Em 1706, o huguenote Jacques Basnage de Beauval (1653-1723) foi expulso da França porque era de ascendência protestante. Refugiou-se na Holanda e publicou uma obra em sete volumes intitulada “Histoire des Juifs depuis Jésus- Christ jusqu’à présent” [História dos Judeus desde Jesus até Agora]. É importante lembrar que a Holanda era a nação de maior tolerância religiosa durante os séculos 17-18. Nesta época, a “comunidade judaica hispano-portuguesa” de Amsterdã era famosa por dela fazer em parte destacadas figuras entre elas os rabinos Rafael D’Aguilar e Isaac Aboab da Fonseca (o primeiro rabino das Américas), os pensadores Isaac Orobio de Castro e Uriel da Costa, o poeta Daniel Levi de Barrios, e naturalmente o mais conhecido de todos: o controverso filósofo Baruch Spinoza.
Jacques Basnage foi muito mais do que um protestante dedicado ao sacerdócio. Exímio negociador desempenhou funções de procurador e diplomata, ajudando a aprimorar as tumultuadas relações diplomáticas entre França, Inglaterra e Holanda. Leitor voraz, Basnage deixou duas obras monumentais: “Histoire des Juifs” que teve excelente aceitação na Europa e, em 1708, foi traduzida em Londres; e “Antiquités Judaïques ou Remarques Critiques sur la République des Hebreux” [Antiguidades Judaicas ou Observações Críticas Acerca da Republica dos Hebreus] de 1713, onde expressa profunda admiração em relação ao povo escolhido de Deus.

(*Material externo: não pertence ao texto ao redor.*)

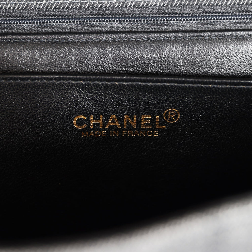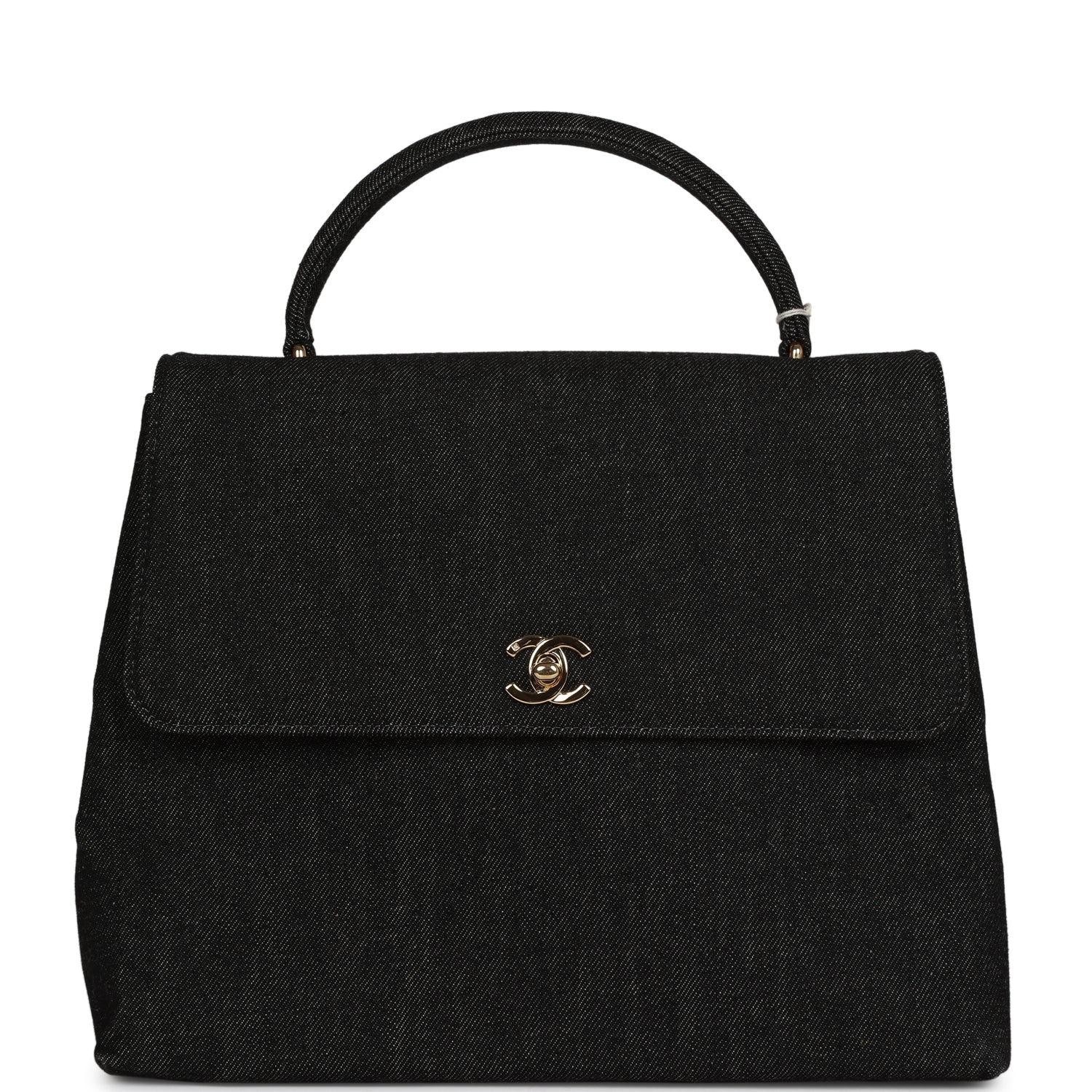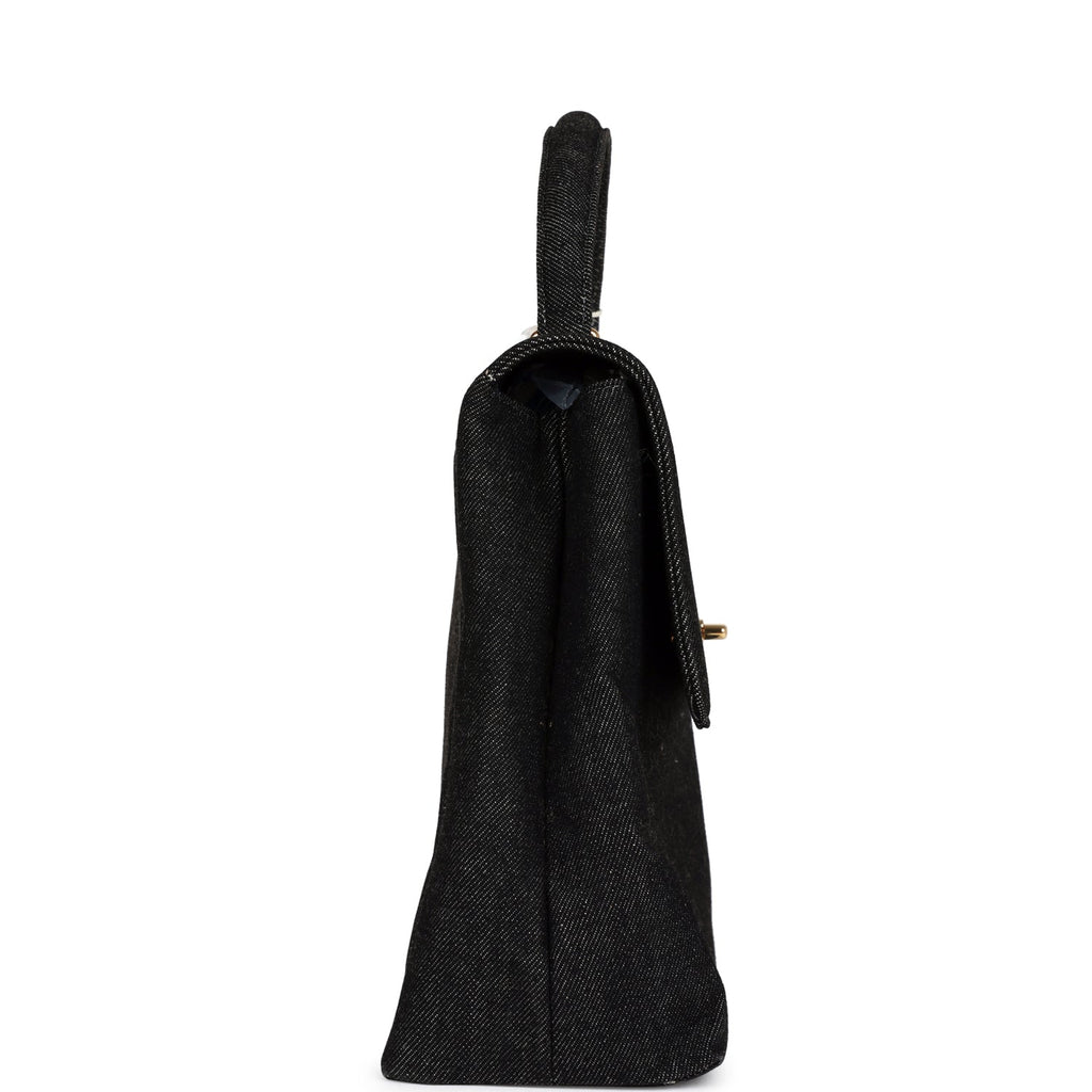 Vintage Chanel Kelly Top Handle Bag Black Denim Gold Hardware
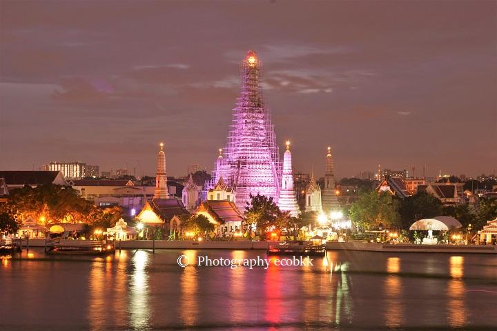 △チャオプラヤー川と寺院「ワット・アルン」の風景
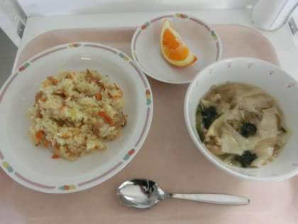 今日は千歳台小で人気の献立、キムチチャーハンです。キムチを豚肉や野菜と一緒に炒めて、ご飯に混ぜ込んで作りました。
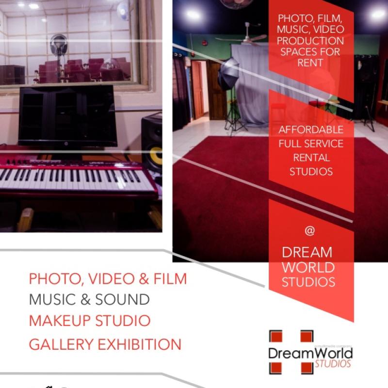 Dreamworld studios boasts of Complete Sound and PA Systems, Projectors, Screen Video/TV system/DVD player Comfortable Conference Chairs and Tables Video and Audio Recording. Photo Studio Music and Sound Studio Make-Up Studio. We do full multimedia; pictures, video and audio production and we have a spaces up for rent at affordable prices.

A “Histoire des Juifs” foi difundida com rapidez entre a intelectualidade europeia judaica e não judaica. Escrita em francês, serviu para incentivar estudiosos e críticos literários a mergulhar nos meandros da história judaica. O livro teve ainda o objetivo de gerar uma continuidade entre antigos textos de história judaica (Flávio Josefo) com obras de historiografia medieval (Josef Hacohen, Eliahu Capsali e Salomão Ibn Verga), fechando-se o círculo com textos de pensadores judeus dos séculos 17-18.

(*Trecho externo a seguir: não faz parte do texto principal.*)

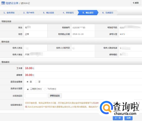 该步骤显示用户的驾驶证信息、领取详情以及需要缴纳费用信息,如果平台已开通在线支付功能,显示在线支付详情。
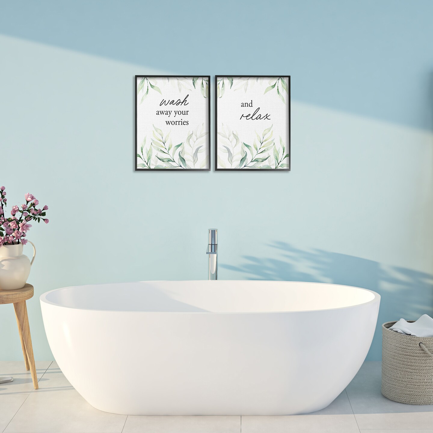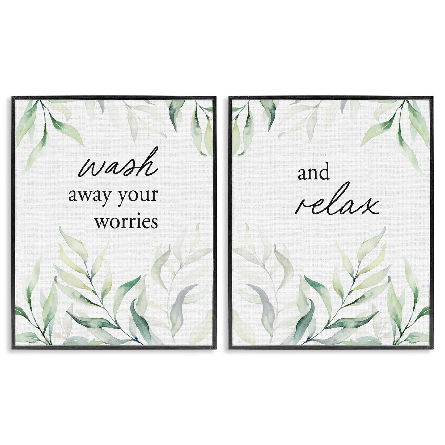 Stupell Industries Soothing Bathroom Greenery Words 2pc Framed Giclee Set, design by Lettered and Lined
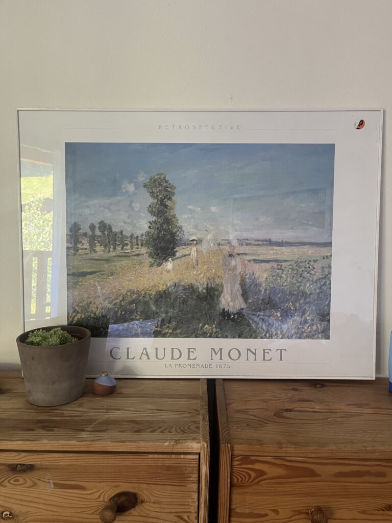 Asume siis oma sinkavonkalisele teele Thononi suunas, kui noormees teeb veel ühe peatuse linnaääres paiknevas supermarketis – külmad karastavad joogid on puudu! Jään autosse istuma ja tunnen, kuidas peasall pitsitab. No nii ebamugav on see olukord. Teine pingutab ninast vere välja, aga mina valiks nüüd juba pigem jalgsi Thononi kõndimise. Lõpuks siis alustame siiski oma teekonda, muusika mängib, päike paistab ja mul on vaba päev. Pole see asi nii hull midagi. Jõuame linna pärast kella 12st, mis tähendab, et kuulus Emmausi kirbukas on juba kinni, aga kohalik komisjonipood on täitsa avatud. Minul oleks vaja lühikesi teksapükse ja tuppa sisustuselemente, eelkõige ühte suurt postrit või maali. Mida klišeelikum, seda parem. Kirbukas on noormehega isegi täitsa lõbus, sest pood on täis igasugu vana kola, ilusaid ja tobedaid nõusid, vaase, mööblit, pilte, riideid, vinüülplaate jne jne. Leian ühel hetkel hunniku maailmakunsti postreid – van Gogh, Monet, Manet… Aga hinnad on krõbedad, 20+ eurot ühe mitte-maali eest! Minu mentaalne eelarve oli umbes 10€. Sobivaid küünlaid ega küünlajalgu ka kahjuks siit ei leia, seega lepin väikse hõbekandiku ja lillepotiga. Lähen vaatan uuesti neid maalipostreid, sest üks kaunis Monet, mis sobiks ideaalselt mu tuppa, ei anna rahu. No hea küll, panen siis 20€ hakkama. Lahkun uhkelt oma suure raamiga.

Nas primeiras páginas do livro “Histoire des Juifs” o autor relata as tribulações sofridas pelo povo judeu até aquela data. Os capítulos registram episódios relacionados aos judeus orientais e ocidentais e mencionam aqueles judeus que habitavam em comunidades exóticas como Índia, China, Etiópia, Pérsia, e o Reino dos Kazares, entre outras. Em vários outros capítulos Basnage narra as opressões sofridas pelas comunidades judaicas do Ocidente e as atrocidades cometidas contra eles desde as Cruzadas até os distúrbios (pogroms) perpetrados pelos cossacos de Chmelnitzky entre 1648-1649. Basnage explica ainda no livro o que ele mesmo denomina “o milagre da Revelação do Povo de Israel”. O que seria esse milagre? Para Basnage é um grande mistério, uma espécie de segredo oculto, o motivo pelo qual o povo escolhido de Deus, mesmo perseguido e odiado, consegue continuar vivo entre as nações e se perpetuar ao longo dos tempos.

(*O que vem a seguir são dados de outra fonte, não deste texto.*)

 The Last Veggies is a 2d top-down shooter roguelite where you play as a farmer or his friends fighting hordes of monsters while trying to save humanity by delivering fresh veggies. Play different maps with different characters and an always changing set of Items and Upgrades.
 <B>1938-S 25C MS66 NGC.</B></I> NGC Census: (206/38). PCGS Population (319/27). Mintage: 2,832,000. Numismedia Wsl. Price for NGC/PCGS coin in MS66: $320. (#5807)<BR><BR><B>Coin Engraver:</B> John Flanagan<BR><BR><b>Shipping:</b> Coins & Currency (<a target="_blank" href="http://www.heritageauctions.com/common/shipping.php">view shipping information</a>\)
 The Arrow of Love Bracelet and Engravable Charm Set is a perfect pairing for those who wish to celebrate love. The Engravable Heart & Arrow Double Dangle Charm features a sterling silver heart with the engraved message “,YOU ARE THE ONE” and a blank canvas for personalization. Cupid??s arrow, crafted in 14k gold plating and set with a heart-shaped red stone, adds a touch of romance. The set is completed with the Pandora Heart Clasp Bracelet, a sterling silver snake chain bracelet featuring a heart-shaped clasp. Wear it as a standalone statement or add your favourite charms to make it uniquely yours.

Ele afirma com total convicção: “povos que tentaram expulsar os judeus de seus domínios, prejudicaram seu florescimento cultural e sua prosperidade econômica”. Seu livro descreve o status obtido pelos judeus no mundo por volta dos anos 1700. Depois de cuidadosa descrição, o huguenote faz uma única pergunta para tentar compreender o verdadeiro segredo da sobrevivência judaica: que elemento detém o ser judeu para recompor sua capacidade coletiva e continuar a existir mesmo diante das perseguições, expulsões e desterros permanentes? O próprio autor responde de forma original: “Somente no Fim dos Tempos (Apocalipse) os judeus se converterão ao Cristianismo, porém até então (só Deus sabe quando isto acontecerá) é necessário apoiá-los na observação de preceitos e ritos. Toda tentativa de converter o judeu levará a um processo ainda mais demorado na aproximação dos Dias da Apocalipse”.
A afirmação vale para os dias atuais. Sem dúvida alguma, Jacques Basnage de Beauval, autor da primeira história judaica sabia perfeitamente o que falava e profetizava.